Select the Correct Resource Type, Size, and Number - Cost Optimization Pillar

Select the Correct Resource Type, Size, and Number

By selecting the best resource type, size, and number of resources, you meet the technical requirements with the lowest cost resource. Right-sizing activities takes into account all of the resources of a workload, all of the attributes of each individual resource, and the effort involved in the right-sizing operation. Right-sizing can be an iterative process, triggered by changes in usage patterns and external factors, such as AWS price drops or new AWS resource types. Right-sizing can also be one-off if the cost of the effort to right-size, outweighs the potential savings over the life of the workload.

In AWS, there are a number of different approaches:

  • Perform cost modeling

  • Select size based on metrics or data

  • Select size automatically (based on metrics)

Cost Modeling: Perform cost modeling for your workload and each of its components to understand the balance between resources, and find the correct size for each resource in the workload, given a specific level of performance. Perform benchmark activities for the workload under different predicted loads and compare the costs. The modeling effort should reflect potential benefit; for example, time spent is proportional to component cost or predicted saving. For best practices, refer to the Review section of the Performance Efficiency Pillar of the AWS Well-Architected Framework whitepaper.

AWS Compute Optimizer can assist with cost modeling for running workloads. It provides right-sizing recommendations for compute resources based on historical usage.

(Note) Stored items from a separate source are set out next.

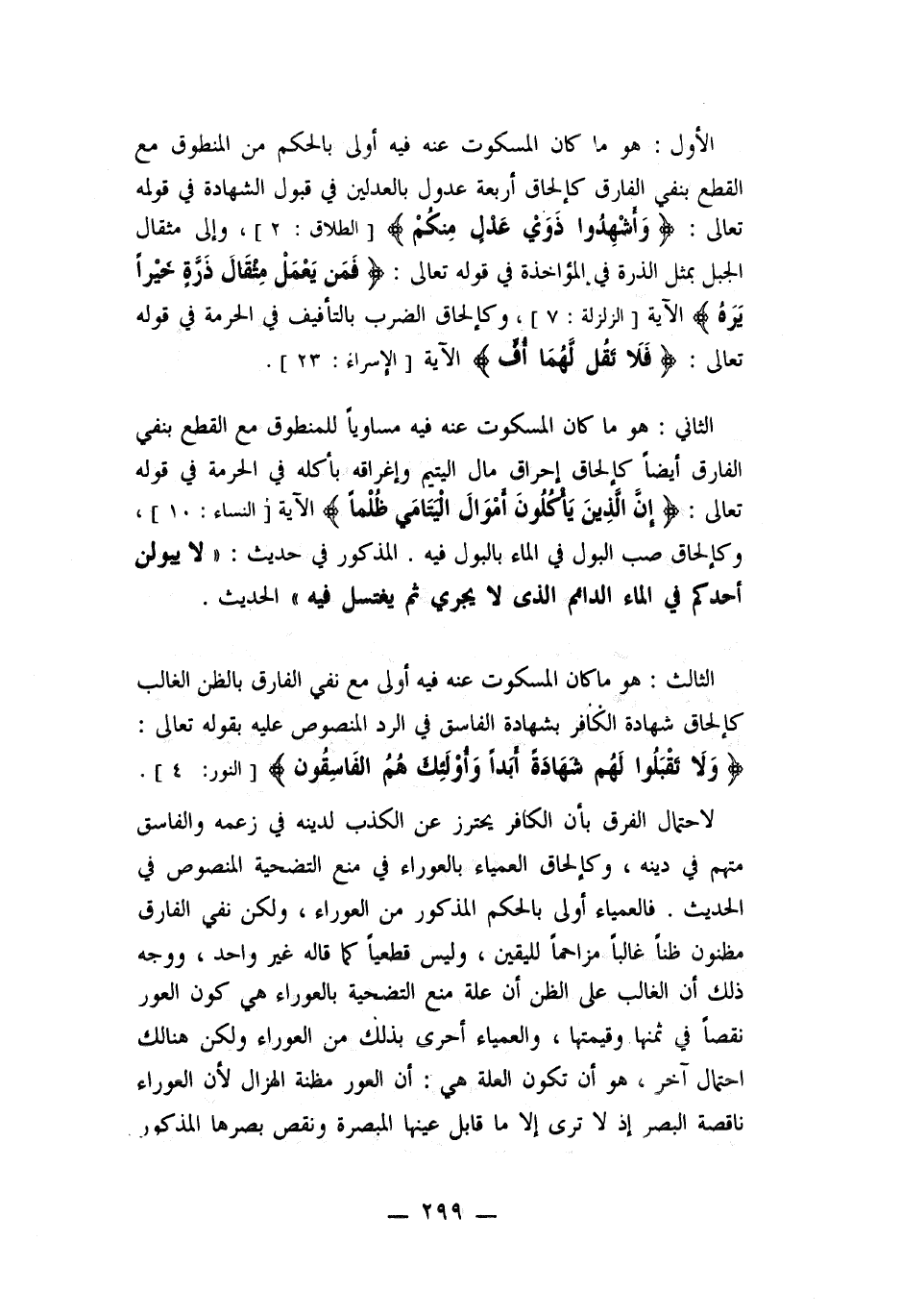 الأول: هو ما كان المسكوت عنه فيه أولى بالحكم من المنطوق مع القطع ينفي الفارق كالحاق أربعة عدول بالعدلين في قبول الشهادة في قوله تعالى: " واشهدوا ذوي عدل منكم " والى مثقال الجبل بمثل الذرة في المؤاخذة في قوله تعالى: " فمن يعمل مثقال ذرة خيراً يره " الآية.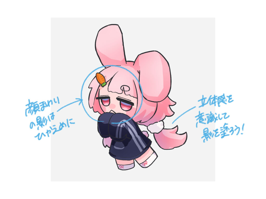 次に影を塗って立体感を出します。2頭身キャラクターは顔が最も目立つパーツなので、顔周りの影は控えめにして、表情が見やすいようにしましょう。身体や服の影は、全体の立体感を意識して大きく捉えて塗っていきます。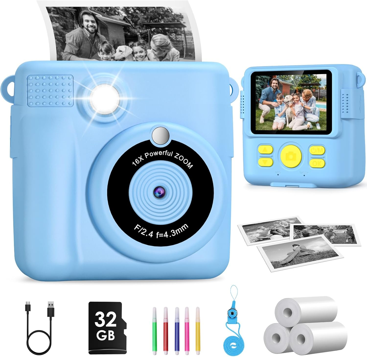 CAMCLID Kids Camera Instant Print, 3,0 Inch/48MP Instant Camera for Kids, 2.5K UHD Digital Video with 32GB Card, Christmas Birthday Toy Gifts for Girls Boys 3 4 5 6 7 8 9 10 Years Old (Blue)

This is the ideal data source for compute resources because it is a free service, and it utilizes machine learning to make multiple recommendations depending on levels of risk. You can also use Amazon CloudWatch and CloudWatch Logs with custom logs as data sources for right sizing operations for other services and workload components.

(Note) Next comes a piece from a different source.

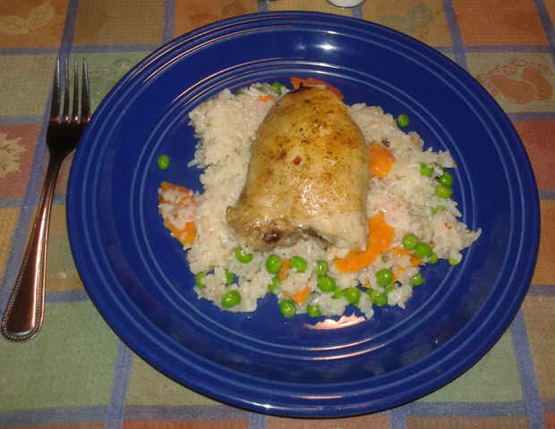 Por qué suculento al horno muslos de pollo marinados en salsa italiana. Servido sobre una cama de sabor acolchada infundido arroz, rodajas de zanahoria tiernas y guisantes al dente.
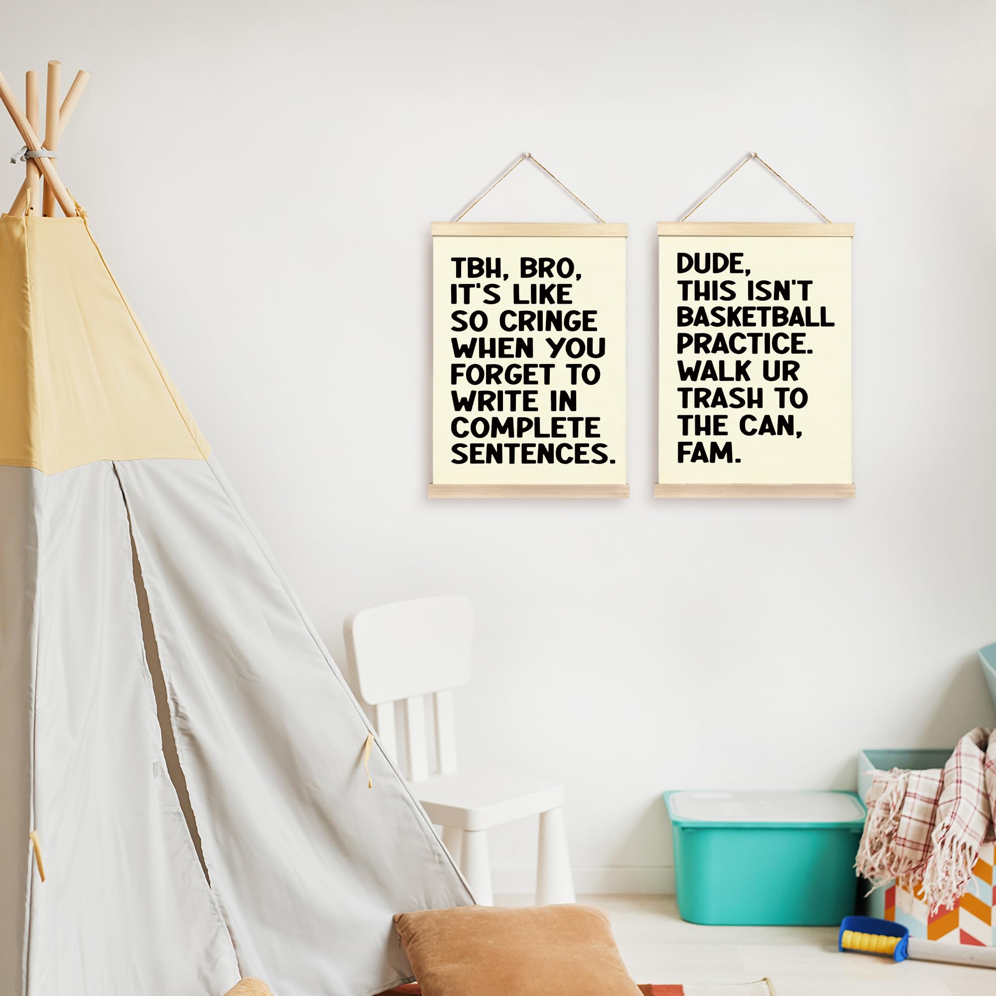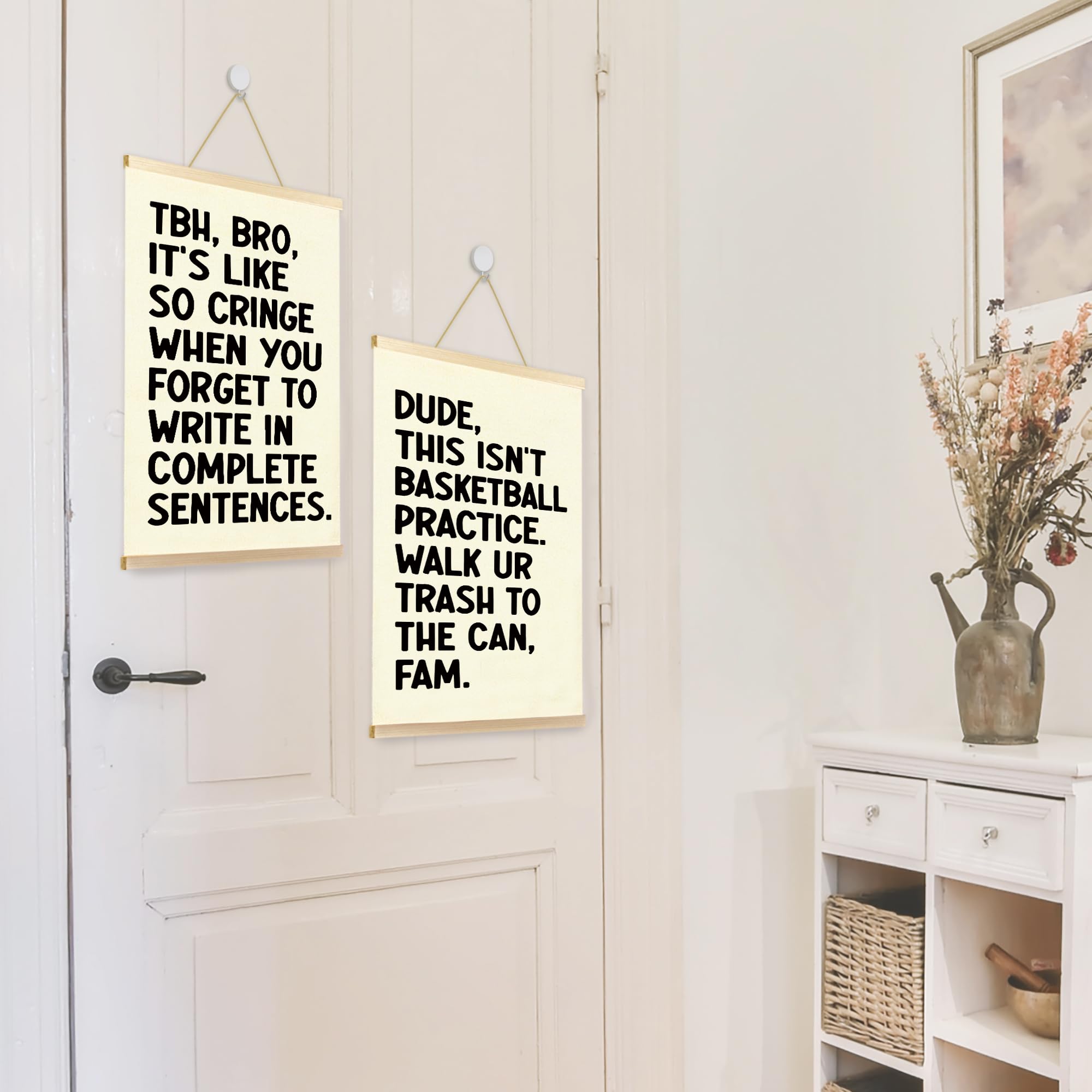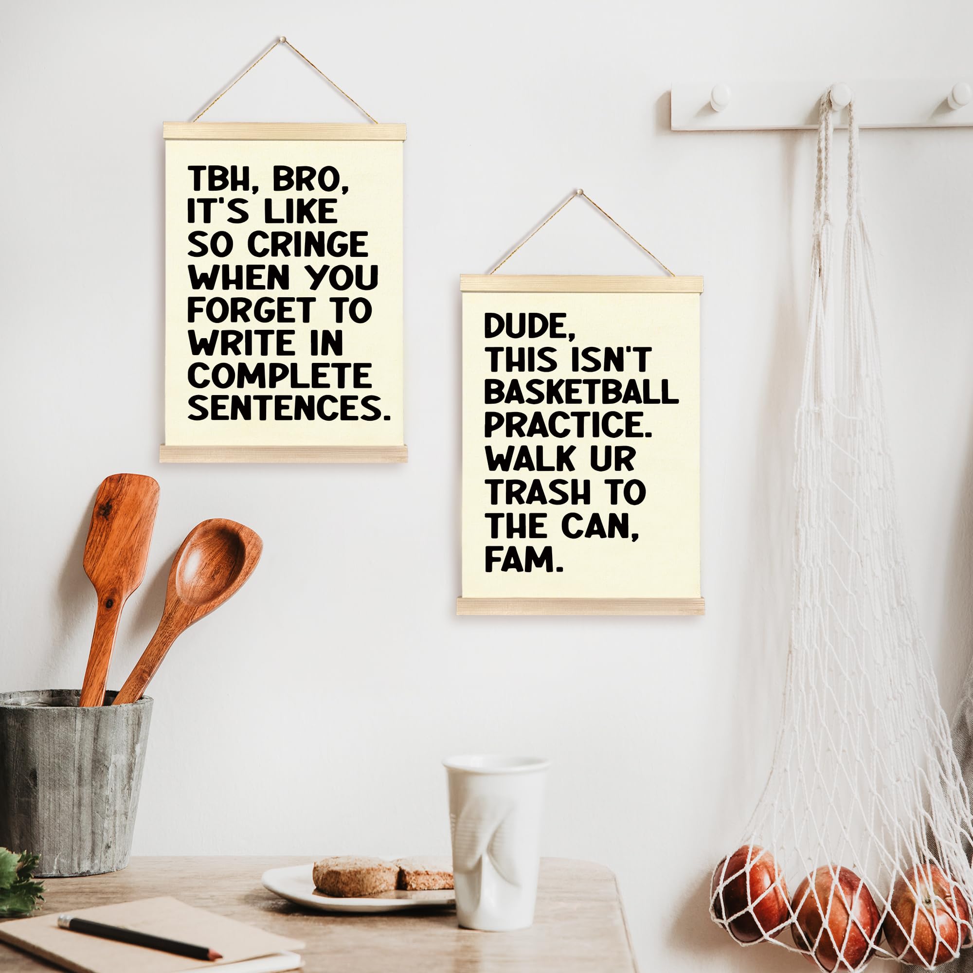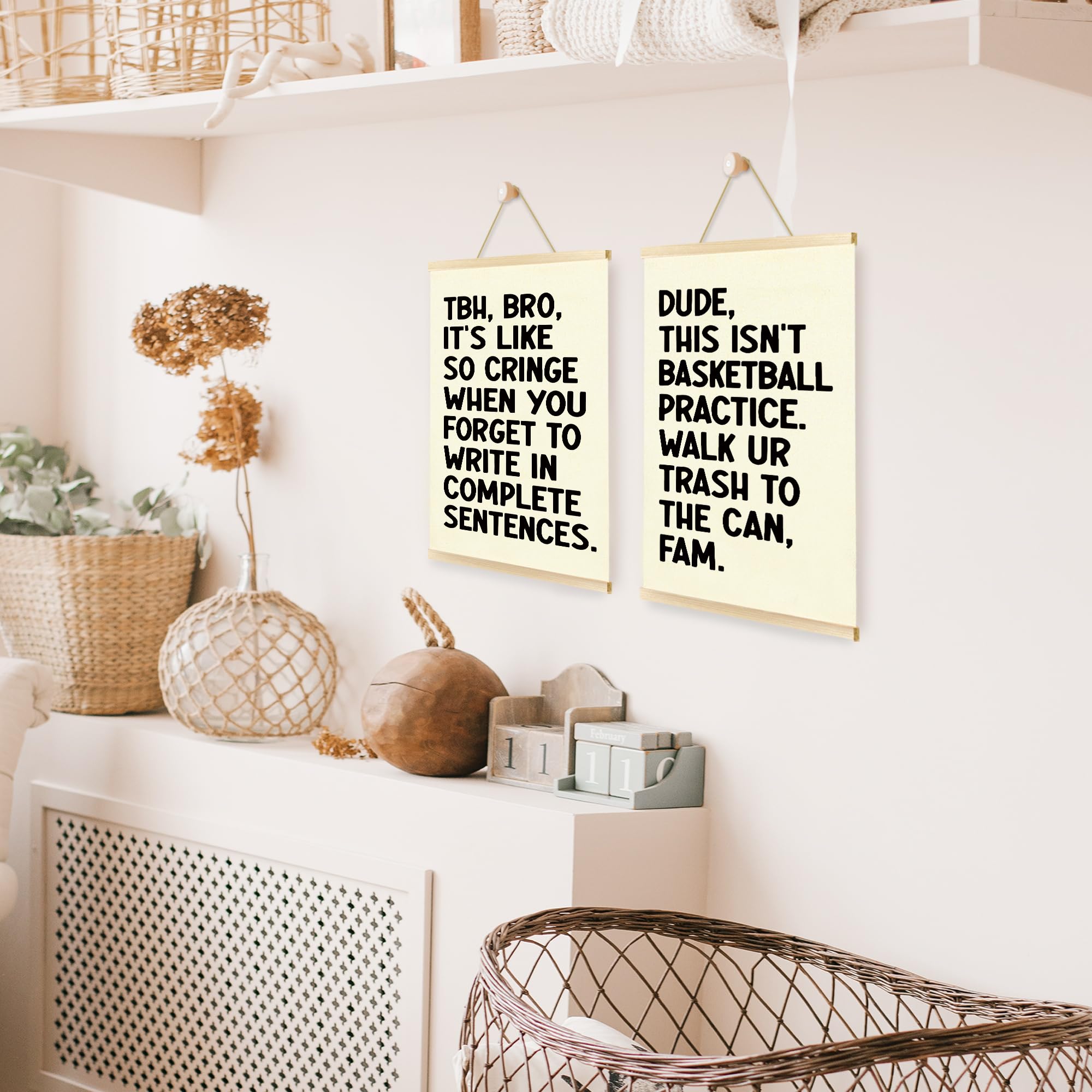 Printed on natural linen fabric with solid wood bars on top and bottom. The wooden frame provides durability, and the linen material enhances the overall aesthetic appeal.

The following are recommendations for cost modeling data and metrics:

  • The monitoring must accurately reflect the end-user experience. Select the correct granularity for the time period and thoughtfully choose the maximum or 99th percentile instead of the average.

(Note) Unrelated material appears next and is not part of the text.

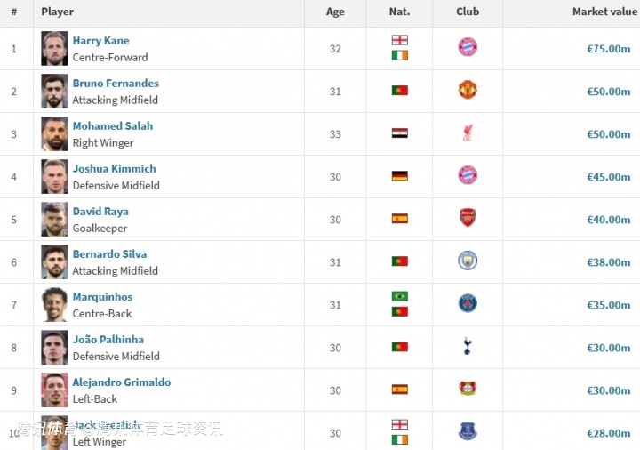 1 凯恩(拜仁) 32岁 —— 7500万欧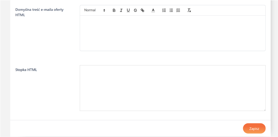 Istnieje możliwość konfiguracji domyślnej treści e-maila z ofertą oraz stopki. Użytkownik może dodatkowo dostosować stopkę, dodając kod HTML.

  • Select the correct granularity for the time period of analysis that is required to cover any workload cycles. For example, if a two-week analysis is performed, you might be overlooking a monthly cycle of high utilization, which could lead to under-provisioning.

Metrics or data-based selection: Select resource size or type based on workload and resource characteristics; for example, compute, memory, throughput, or write intensive. This selection is typically made using cost modeling, a previous version of the workload (such as an on-premises version), using documentation, or using other sources of information about the workload (whitepapers, published solutions).

Automatic selection based on metrics: Create a feedback loop within the workload that uses active metrics from the running workload to make changes to that workload. You can use a managed service, such as AWS Auto Scaling, which you configure to perform the right sizing operations for you. AWS also provides APIs, SDKs, and features that allow resources to be modified with minimal effort. You can program a workload to stop-and-start an EC2 instance to allow a change of instance size or instance type. This provides the benefits of right-sizing while removing almost all the operational cost required to make the change.

Some AWS services have built in automatic type or size selection, such as S3 Intelligent-Tiering. S3 Intelligent-Tiering automatically moves your data between two access tiers: frequent access and infrequent access, based on your usage patterns.